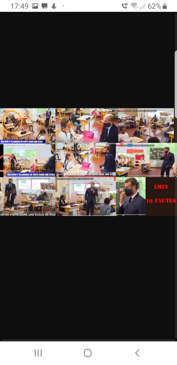 | Dire merci | Ce n'est plus "l'école de la confiance", mais "l'école de la maltraitance".... Allez une dernière pour la fin.... on constate que: -l'éleve est pleinement en confiance - que notre chef suprême transgresse deux gestes barrière: le face à face et il touche son masque je ne sais combien de fois. Lien |
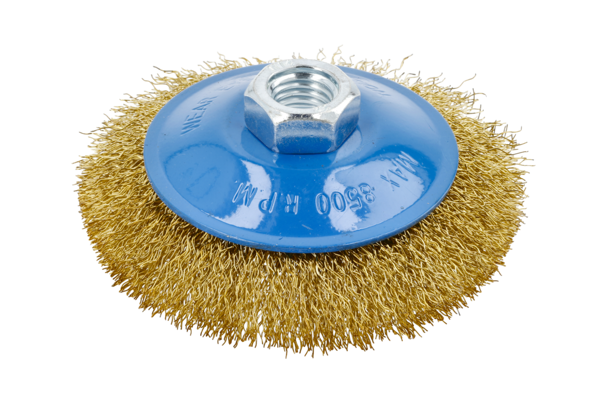 Wire brushes and rasps, Disc brushes, Knot wheel brush 100 mm, M14, brass wire 0, 3 mm, Tööriistad, Ehitusvahendid
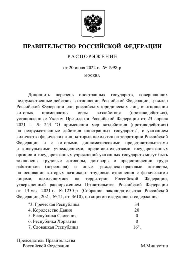 «Η κυβέρνηση ενημέρωσε τον κατάλογο των ξένων κρατών που διαπράττουν εχθρικές ενέργειες κατά των ρωσικών διπλωματικών και προξενικών αποστολών στο εξωτερικό», αναφέρει το διάταγμα που υπέγραψε ο Ρώσος πρωθυπουργός, Mikhail Mishustin.
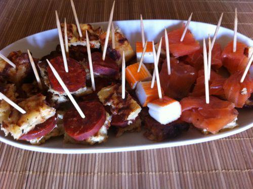 Y déposer dessus, des tranches de chorizo, ou de surimi, ou de saumon fume puis mettre un pique, conservé au frigo avant dégustation
▬▬▬▬▬▬▬▬▬▬
**ABOUT THIS TASK:** What is needed is an exact copy of the data, with the pictures removed.

**EXERCISE RESPONSE:**
 | Dire merci | Ce n'est plus "l'école de la confiance", mais "l'école de la maltraitance".... Allez une dernière pour la fin.... on constate que: -l'éleve est pleinement en confiance - que notre chef suprême transgresse deux gestes barrière: le face à face et il touche son masque je ne sais combien de fois. Lien |
 Wire brushes and rasps, Disc brushes, Knot wheel brush 100 mm, M14, brass wire 0, 3 mm, Tööriistad, Ehitusvahendid
 «Η κυβέρνηση ενημέρωσε τον κατάλογο των ξένων κρατών που διαπράττουν εχθρικές ενέργειες κατά των ρωσικών διπλωματικών και προξενικών αποστολών στο εξωτερικό», αναφέρει το διάταγμα που υπέγραψε ο Ρώσος πρωθυπουργός, Mikhail Mishustin.
 Y déposer dessus, des tranches de chorizo, ou de surimi, ou de saumon fume puis mettre un pique, conservé au frigo avant dégustation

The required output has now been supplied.